A Literature Review on Cyber Risk Studies Across Multidisciplines
Cyber risks have been posing increasing concerns to both the public and private sectors, drawing significant attention to the research on these risks. The study of cyber risks inherently involves multiple disciplines and is thus approached from various angles, including actuarial science, information science, computer science, insurance economics, legislation and policymaking. While research from each discipline provides valuable insights, there is a lack of a comprehensive review that outlines the connections among studies in these different fields. The purpose of this project is to conduct a comprehensive review of existing literature on cyber risks, identify the interconnections among studies from different approaches, and provide insights and inspirations for future synergistic research across various disciplines.

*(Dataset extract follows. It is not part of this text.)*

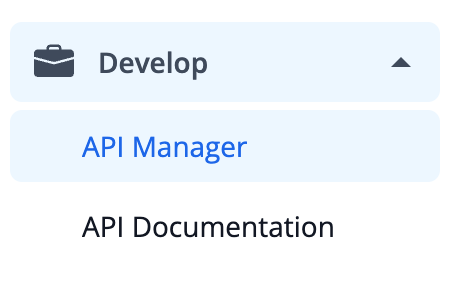 The API Manager will be an option underneath "Develop" in the left-hand bar on the settings page. You must also have the ability to create API Tokens.
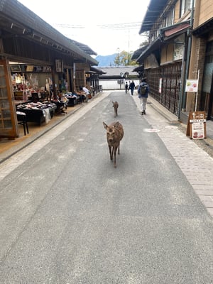 Nach einer kurzen Überfahrt erreichten wir die Insel Miyajima – eine der drei schönsten Landschaften Japans. Schon beim Anlegen begrüßten uns die zutraulichen Hirsche, die sich frei auf der Insel bewegen und neugierig auf Besucher zugehen.

Students are expected to collect and organize literature on cyber risk studies and present the findings to the supervisor on a regular basis. Proficiency in scientific reading and presentation is required. A background in actuarial science, statistics, computer science, or information technology is preferred.
Supervisor: Wei Wei
Graduate Supervisor: Jiajie Yang
Actuarial Applications of Machine Learning in Python
Machine learning techniques have revolutionized data analysis across various industries, including actuarial science. This project aims to explore and apply machine learning paradigms to actuarial problems using Python and pre-built packages. By leveraging these tools, students will gain practical experience in employing advanced computational methods to solve real-world actuarial challenges.
Students will begin with comprehensive tutorials and workshops on Python-based machine learning libraries. Each topic will span approximately 3-4 weeks, consisting of theoretical study, practical implementation, and project-specific applications.
- Policyholder Classification (Decision Trees, k-means)
- Objective: Develop models to predict which individuals are likely to purchase term life
insurance and their expected coverage amounts. - Example Dataset: Utilize TermLife.csv to build predictive models based on demographic and
financial data.
- Objective: Develop models to predict which individuals are likely to purchase term life
- Optical Character Recognition (OCR, Tesseract)
- Objective: Convert documents into readable and searchable text.
- Example Application: Extracting data from claims documents to facilitate easier analysis and processing of insurance claims.
- Sentiment Analysis (TextBlob)
- Objective: Analyze text to determine attitudes or sentiments.
- Example Application: Assessing the sentiment of ESG (Environmental, Social, and Governance) investments or analyzing the sentiment within claim documents.
- Image Classification (Convolutional Neural Networks, planet.org)
- Objective: Apply edge detection techniques on satellite images to monitor changes in coastlines.
- Example Application: Supporting flood insurance and catastrophe (CAT) bonds by identifying coastal erosion trends.
This project offers students a unique opportunity to bridge theoretical knowledge with practical application in actuarial science using advanced machine learning techniques. Students will gain an appreciation for machine learning and how it can be used to solve problems old and new.
Supervisor: Eric Icaza
Climate Risk
The significant impact that extreme weather events have on the financial, insurance, and energy sectors is no longer news, prompting companies to prioritize physical and transition risks along with macroeconomic risk when managing their risk exposure. As climate change intensifies, it is important that companies develop their risk management tools, incorporating climate risk and existing scenario models for their analysis. However, there is no specific model that is widely adopted across sectors to perform scenario analysis related to climate change. With that in mind, this research aims to fill that gap by investigating and developing a model that systematically integrates expert knowledge, research, and data.
This research is divided into two key projects, and a student is expected to work on
one of the projects:
- Impact of Climate Risk on Catastrophe Bonds: This project involves studying how climate risk affects catastrophe bonds. We will conduct a comprehensive literature review, examining existing research on the impact of climate change on these bonds. Additionally, we will explore the various methodologies and approaches widely adopted in the financial markets for climate change scenario analysis.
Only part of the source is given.